Skip to content

Breaking Silos: Adaptive Model Fusion Unlocks Better Time Series Forecasting

Conference: ICML 2025
arXiv: 2505.18442
Code: https://github.com/ZhiningLiu1998/TimeFuse
Area: Time Series
Keywords: Time Series Forecasting, Model Fusion, Meta-Learning, Ensemble Methods, Adaptive Weights

TL;DR

Proposes TimeFuse—a sample-level adaptive model fusion framework. It characterizes input time series features using meta-features and trains a learnable fuser to predict the optimal model combination weights, achieving near-universal improvements (outperforming the best single model on 95.1% of samples) across multiple forecasting benchmarks.

Background & Motivation

Background: Time series forecasting models continue to advance (Transformers, Mamba, MLPs, etc.), competing closely on benchmark datasets.

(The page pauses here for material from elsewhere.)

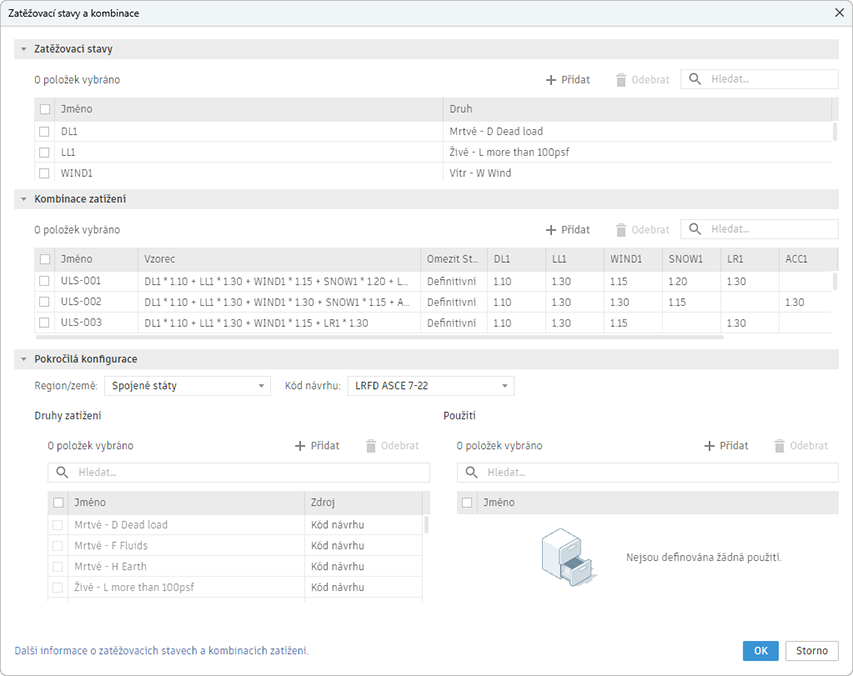 Další informace naleznete v části Zatěžovací stavy a kombinace (2025.3).

Limitations of Prior Work: Fine-grained sample-level analysis reveals a neglected fact—no single model is consistently optimal across all samples; even the top-ranked model ranks first on only about 23.2% of test samples; each model has unique areas of strength.

Key Challenge: The single-model paradigm wastes the complementary strengths of different models.

Goal: How to adaptively leverage the unique advantages of different models on different samples?

Key Insight: Characterize the properties of each input time series using meta-features, and train a fuser to predict the optimal model combination weights.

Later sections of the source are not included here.